Purchasing card use saves companies time and money on admin. A report published by Visa and Citi uncovered a 77% savings in admin costs when companies switched from a paper invoice system to a digital p-card system.
While they don’t afford cardholders the repayment luxuries of credit cards, p-cards provide longer payment terms than debit cards, which can help cash-flow reliant companies control their expense management.
Finally, p-cards reduce the need for employee reimbursements, which benefits both the employer and employees. Employees don’t need to worry about fronting business expenses from their own funds, and finance team members save time and money on processing expense reports.
The disadvantages of p-cards?
Alas, p-cards aren’t a perfect solution for corporate purchasing.
Sharing cards reduces visibility into and control over spending and creates a bottleneck. P-cards are supposed to be a more efficient alternative to the PO process, but that concept doesn’t always work so well in practice. For example, if someone has to reach out to an administrator and wait for card information before booking a flight to a conference, the fare might increase before the information is relayed.
While p-cards have some online reporting capabilities, they still only offer limited visibility into spending. Unlike credit cards, which typically show transactions on the company online dashboard as they’re being made, p-card transactions don’t appear until several days after they’ve happened. While this process may seem faster than the PO process, it’s lagging compared to what corporate credit cards offer.
And because there’s a lag in between when a charge is made and when it appears on a statement, there’s the potential for misuse. Out-of-policy spending may not be discovered until it’s too late to reverse the damage.
Furthermore, p-card reconciliation incurs high admin costs. Most p-card systems don’t categorize spend or integrate with an accounting system.
Finally, corporate purchasing cards offer an incomplete picture of spend data. Most p-cards don’t have reporting capabilities that show budget holders how much cardholders spent versus how much they had budgeted for, obscuring meaningful spend analysis.

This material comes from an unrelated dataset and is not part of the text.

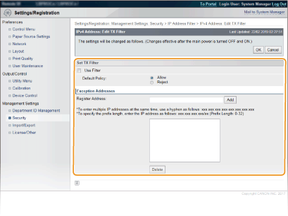 Редактиране на зададен IP адрес от изключенията Щракнете върху съответната текстова връзка в [Exception Addresses], ако е необходимо променете настройките в изведения екран, след което щракнете върху [OK]. Изтриване на IP адрес от изключенията Изберете даден IP адрес за изтриване и щракнете върху [Delete]. |

What is a corporate purchasing card?
A charge card businesses use to make small purchases.
How do p-cards work?
These cards are typically shared among team members. They have some spend control features, like spending limits and approved vendors. The company must pay the full balance at the end of the billing cycle.
What’s the difference between a p-card and a corporate credit card?

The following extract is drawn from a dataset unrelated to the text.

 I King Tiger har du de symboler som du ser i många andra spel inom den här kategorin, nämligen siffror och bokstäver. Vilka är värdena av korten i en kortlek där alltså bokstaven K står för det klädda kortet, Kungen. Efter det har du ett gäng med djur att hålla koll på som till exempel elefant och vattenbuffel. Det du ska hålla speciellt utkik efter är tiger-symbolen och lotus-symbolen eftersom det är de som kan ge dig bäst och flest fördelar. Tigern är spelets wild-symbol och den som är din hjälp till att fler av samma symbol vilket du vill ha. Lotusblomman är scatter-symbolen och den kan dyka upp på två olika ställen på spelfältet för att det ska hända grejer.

A p-card’s balance must be paid off at the end of the billing cycle, while a corporate credit card’s balance can be carried over.
What are the benefits of corporate purchasing cards?
They provide some spend control features, streamline purchasing, save time and money on admin, and reduce expense reports.
What are the disadvantages of p-cards?
Cards are shared, which creates bottlenecks. Delays in transaction postings limit visibility and create a potential for misuse. Reconciliation admin costs are expensive. A lack of sophisticated reporting means you don’t have the data to conduct a meaningful spend analysis.